FRTC live fraud investigation view

The six agents and the Skeptic reasoning in real time as the ring is confirmed, with Cognee shared memory on the right

FRTC generated suspicious activity report

The case report it writes itself — ring members, exposure, evidence, and recommended action

FRTC datasets view

Datasets view — point it at any same-schema transaction set

FRTC data selection view

Data selection — choose a bundled dataset or drop in your own CSV

Tech Stack

  • Frontend: Next.js, React, TypeScript, React Flow, Framer Motion
  • Backend: FastAPI, Python, NumPy, Pandas
  • Agent memory: Cognee — Kuzu graph database + LanceDB vectors, with local fastembed embeddings (offline, zero token cost)
  • Models: Google Gemini via OpenRouter — gemini-2.5-flash for the per-agent tool-calling loops, gemini-2.5-pro for structured conclusions and the case narrative
  • Deployment: Docker on DigitalOcean App Platform

Key Challenges

The hardest part was trust. A panel of language models reasoning over the same accounts will disagree, and a naive setup lets one skeptical model erase a real ring member. Anchoring membership to the unsupervised engine’s candidate and giving the Skeptic veto power only over accounts with no concrete tie made the system robust without making it rigid.

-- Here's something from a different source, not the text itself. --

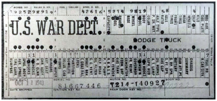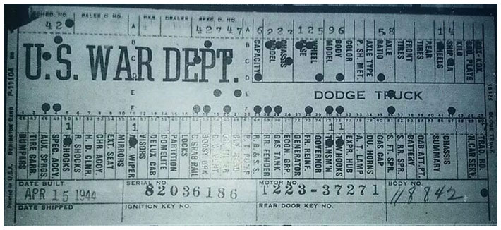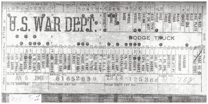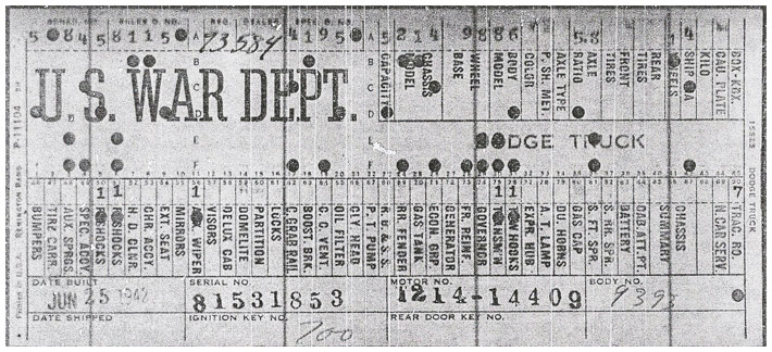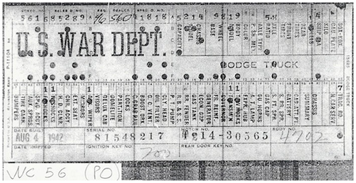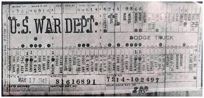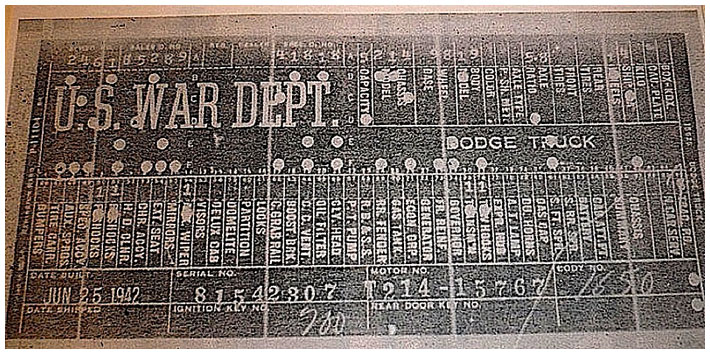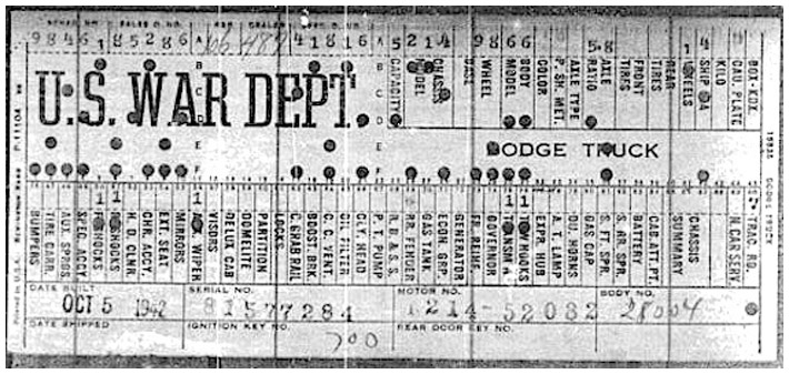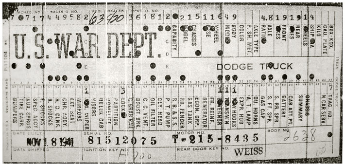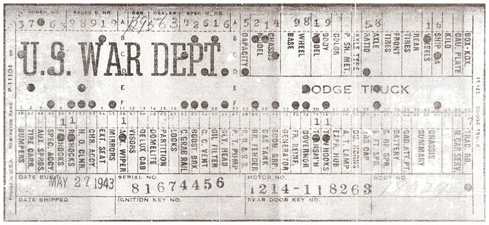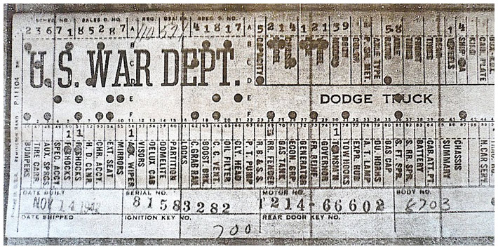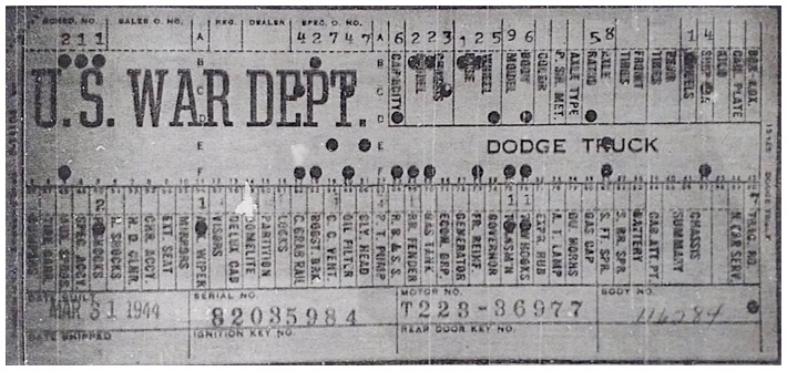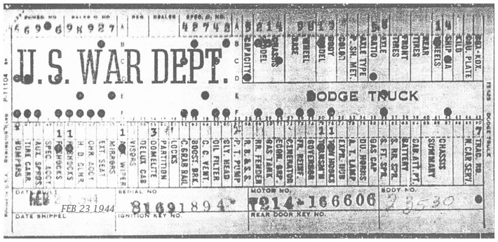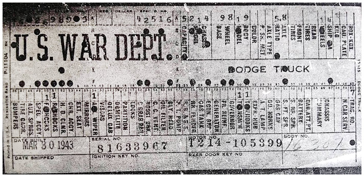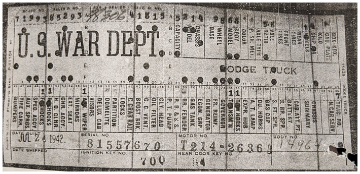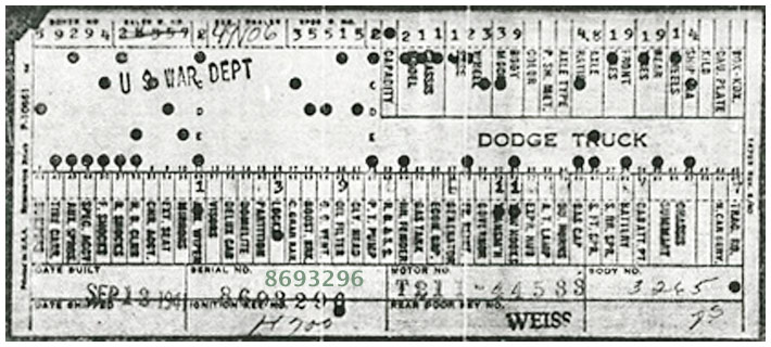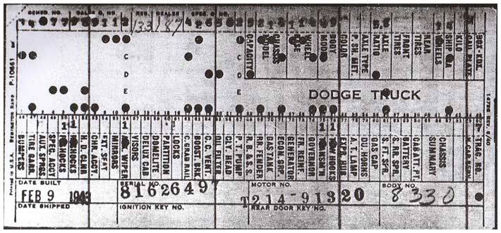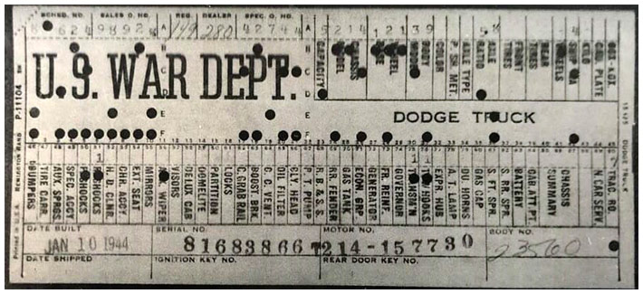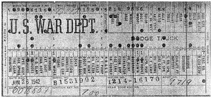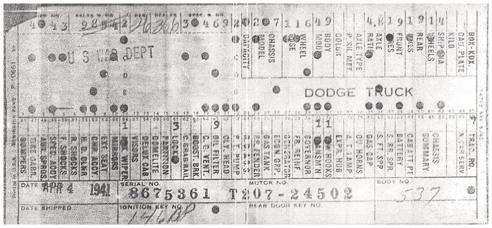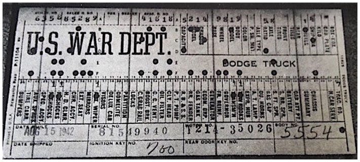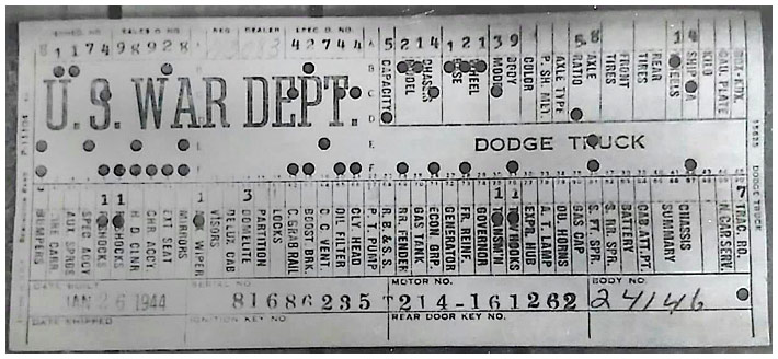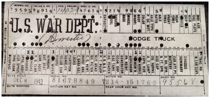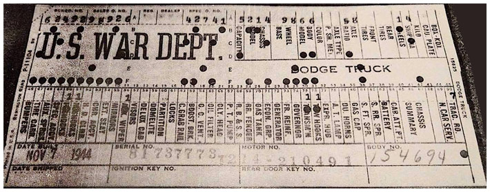 The first picture shows a scan of a build card as received from the Chrysler archives. The card shows the original model and exact body of the Dodge with that serial / VIN number, here VIN 81546650 built with body 933 on 25th of July 1942 as a body model 29.
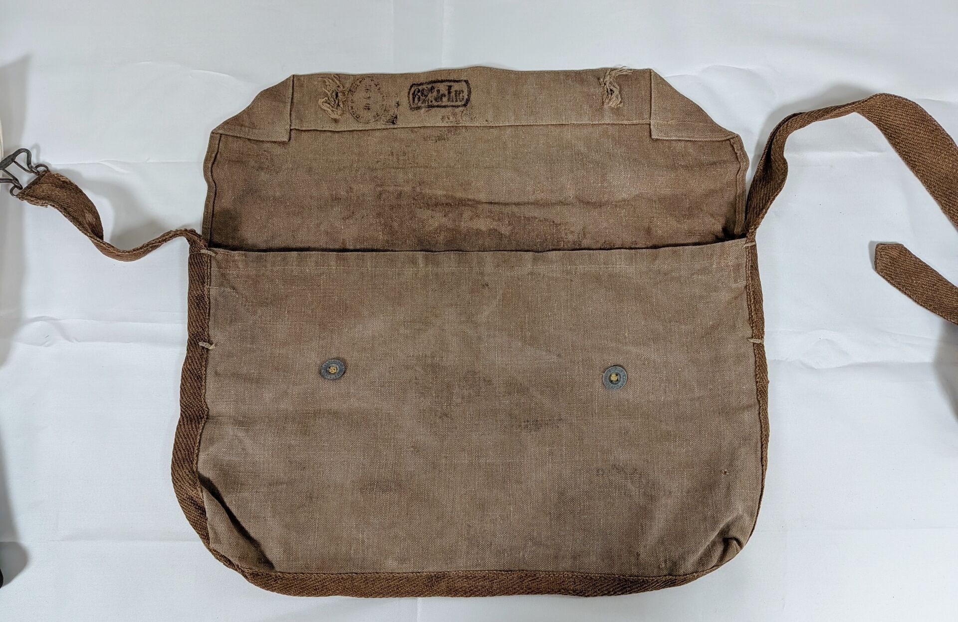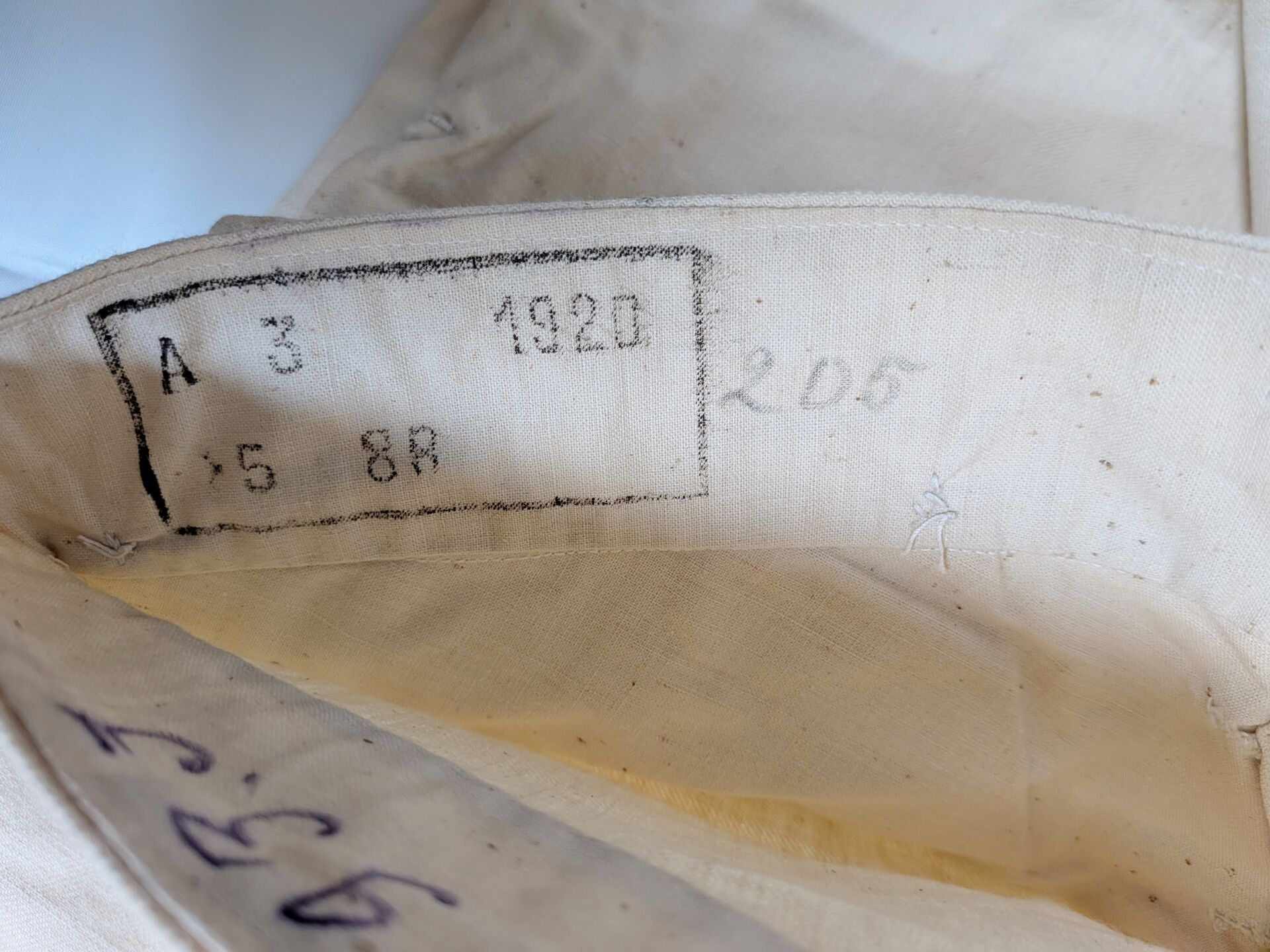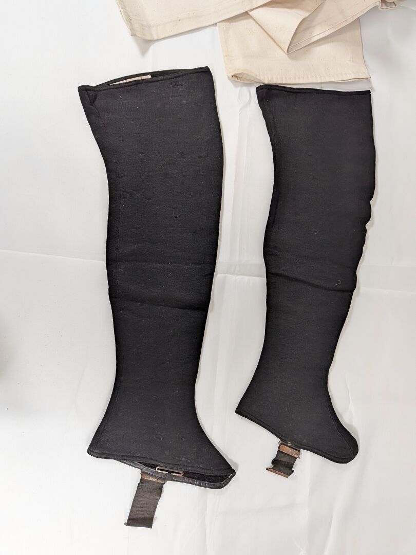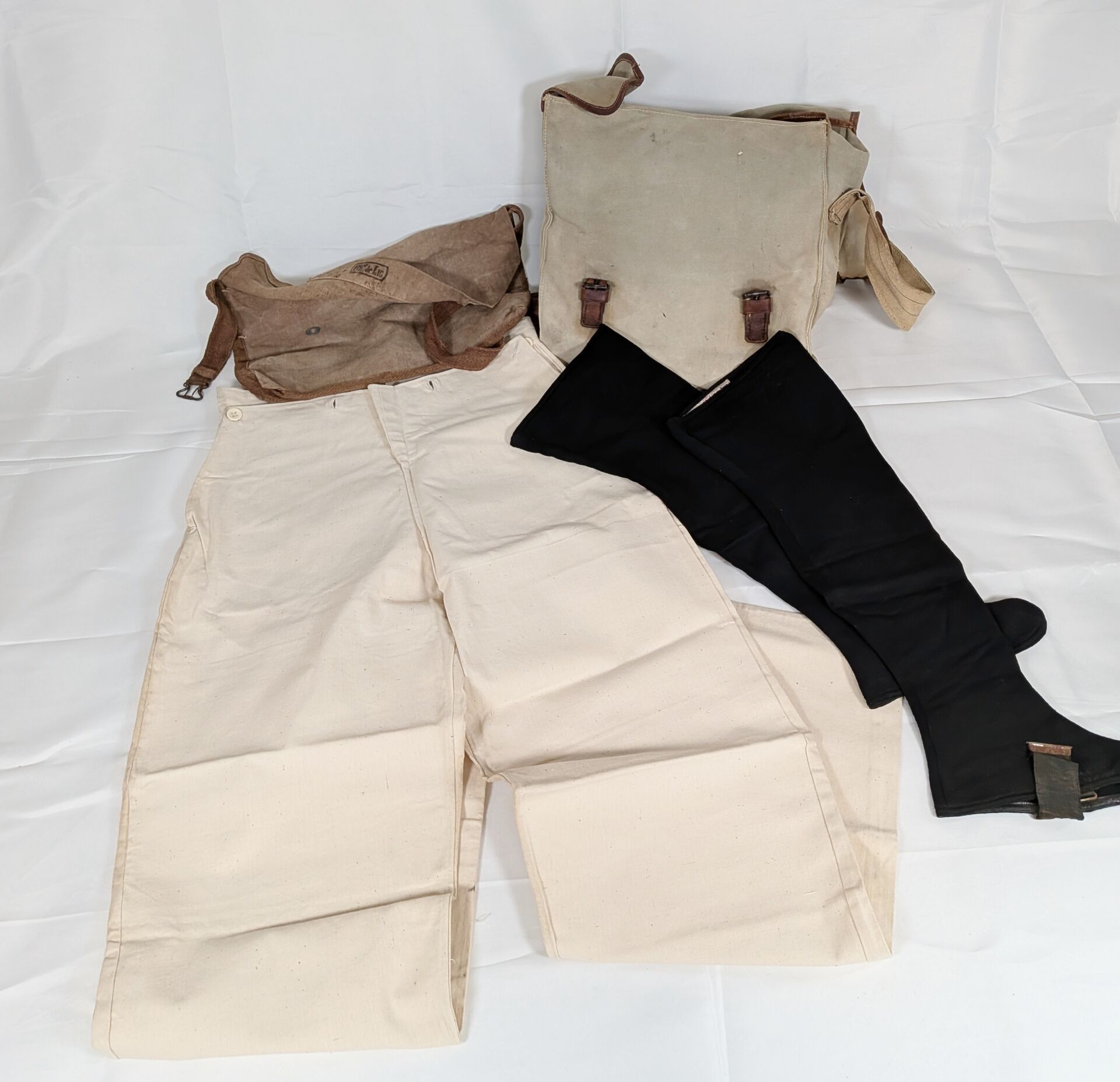 MILITARIA. Africa, 62nd regiment of the line. Lot comprising a pair of canvas trousers dated 1920, a besace bag with buttons marked military equipment (40 x 33 cm), a small bag with buttons marked military equipment and stamped 62nd regiment of the line (37 x 25 cm). One pair of black Edelweiss gaiters is attached.

The second challenge was keeping it honest. The detectors are adaptive rather than tuned to the demo: the structuring detector finds whatever round number a ring hugs, the timing detector flags concentration in any hours, and the cohort is found by open-date gaps. Drop in a new dataset and the case brief is derived from that data, not recited from a fixture.

The Team

The team — 1st Place at vibeFORWARD: M2—Agents

FRTC — Fraud Ring Triage Copilot — 1st Place, Best All-Around Application at vibeFORWARD: M2—Agents 2026.
Built by Nolan Hu, Buddhsen Tripathi, Joy van Oranje, Saisrijith Reddy Maramreddy, and Olena Teslia.